I have the Mono CD Box and the Limited Edition USB-Rom 24-Bit FLAC Collection (Shipped in its own aluminum Green Apple). I passed on the US-Release CD Box, and the UK Stereo CD & Vinyl Boxes. Still, it IS The Beatles, and adjusted for inflation the pricing is about the same as when I bought the record albums the first time...
courant
My impression is that there is no digital in the trail from the new discs back to the master tapes. Hi rez digital versions were made for reference purposes in remixing, so that the master tapes did not degrade from having to be played over and over. But its all analog all the way back. The electronics are solid state rather than tubes, and the cutting heads are new and different than the originals, of course.
You might want to check your facts, Wildoats. According to Fremmer and An,luge Planet: "Apple Corps and Universal Music Group today announced the September 8th release date (September 9th in North America) of the long-anticipated Beatles’ mono vinyl reissue series, cut to lacquer using the original analogue master tapes."
So, I don't these are from digital masters.

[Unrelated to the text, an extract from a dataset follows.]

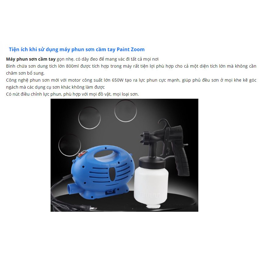 - Việc dọn dẹp, tân trang căn phòng của bạn có thể dễ dàng hơn với Máy phun sơn cầm tay Painter Zoom sản phẩm chuyên dụng giúp cho việc trang trí phòng ốc, nhà cửa. Bạn có thể sơn lại căn phòng của mình thật đơn giản và không tốn nhiều thời gian như trước đây nữa. Máy phun sơn cầm tay là sản phẩm tiện dụng dành cho gia đình bạn với tính năng phun sơn đều, mịn… không chỉ thế máy giúp sơn nhanh, tiện lợi, tiết kiệm sức và thời gian so với các sơn thông thường.
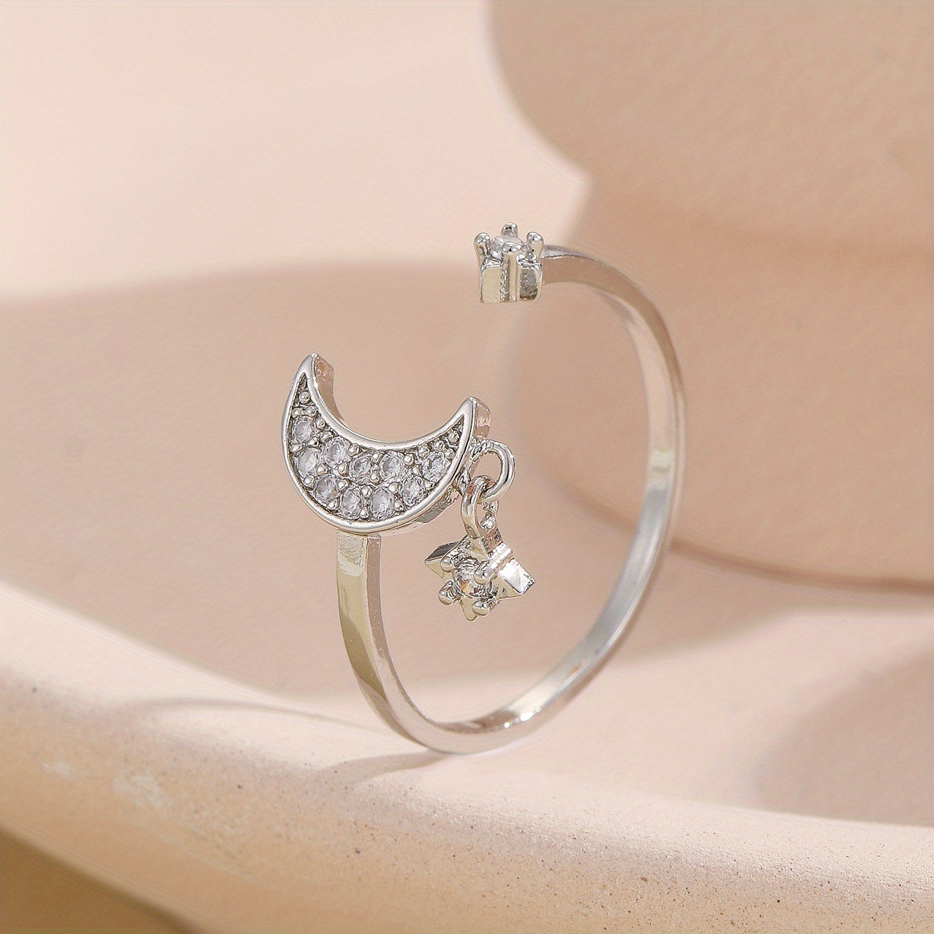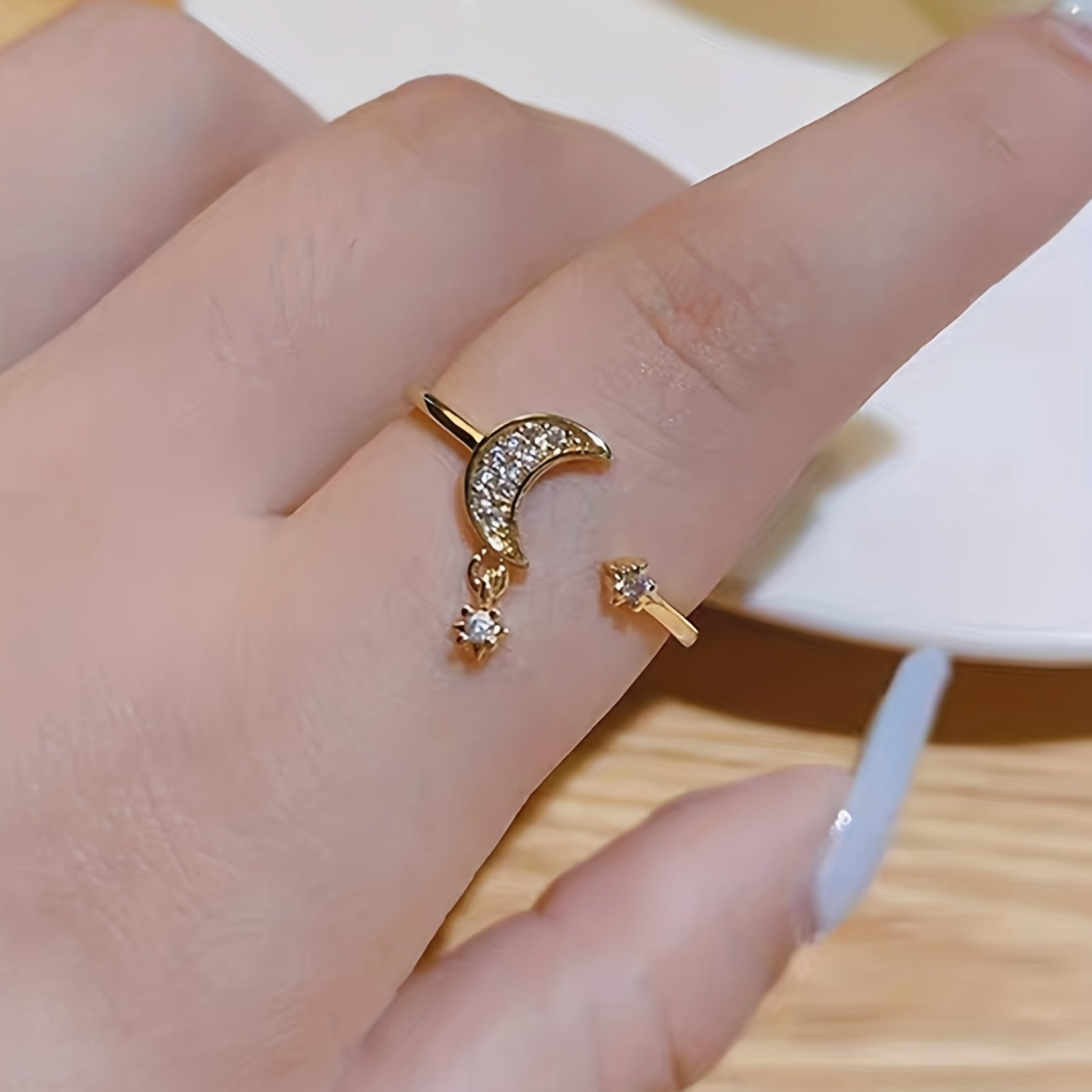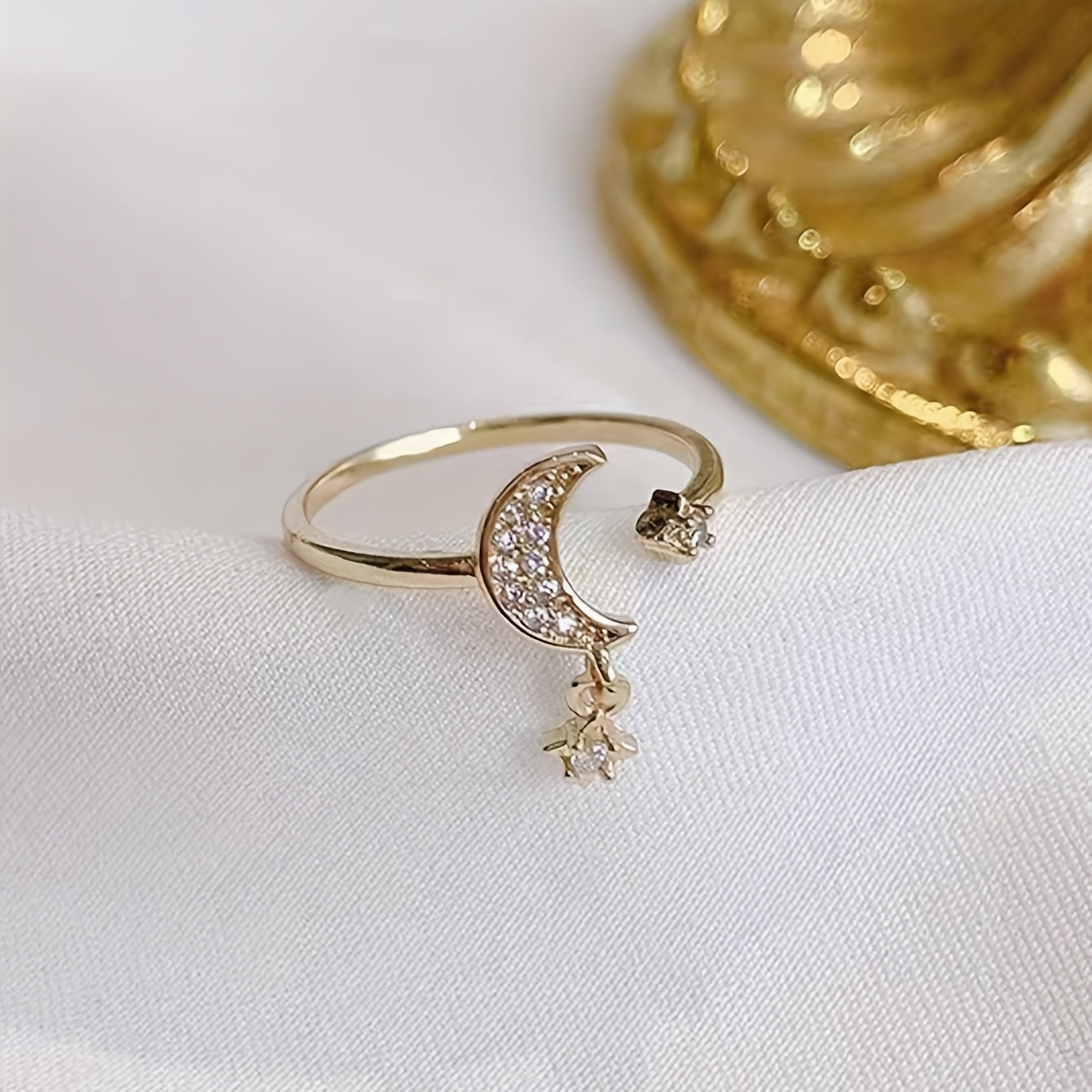 Add a touch of sparkle to your daily outfits or party looks with this dazzling moon and star ring. The shining zircons make this accessory stand out.

Wrong? I've got mine on pre-order.
it's not possible today to rebuild this mono catalog without digital re-mastering. i wouldn't be surprised if the tapes are already sounding very poor today.
the tapes are darn old and missing half of recorded information if not more.
early re-issues in EX or better condition can be found on internet and that's better and cheaper way to go.
for audiophile folks it's more important to have crispy sound so i assume that this bundle had been electronically re-processed to meet audiophile standards.
Czarivey, If one can believe Abbey Road engineer Paul Hicks, the mono tapes are in good condition. As quoted from Sound on Sound:

Because of their importance, the analogue masters had been scrupulously maintained and archived. “All the Beatles tapes are in fantastic order, the multitracks as well as the quarter-inches,” enthuses Paul. “Guy and I have been doing Beatles stuff for about 15 years, on and off, and we’ve never baked a Beatles tape. The formula on that EMI tape was just fantastic. The only thing we did find, which we had to be incredibly careful with when we were transferring it — and especially with the monos, which hadn’t been played in 40 years — was that a lot of the glue had dried up on the edits. So on the first wind-back you had to be incredibly careful, because a lot of the edits just split apart when winding. We had to get the gloves on!”

“For the transfer and archiving part of the process, we did it song by song,” continues Guy. “So if the tapes had come apart when we were spooling back, we’d replace all those [splices] — same length, we’d measure them all and make sure it was all pukka — and then song by song we’d transfer them. We’d transfer the first one, go back, clean the whole tape path again. Beginning of each week, we’d de-mag the heads. We had a speed reader on the capstan all the time so we knew it was running at the right speed.”

“We’d line up and then we’d always play through, manually checking the azimuth,” says Paul. “It was amazing just by tweaking that, if nothing else, how much more top end you could potentially get. That was a significant part of the transfer process.”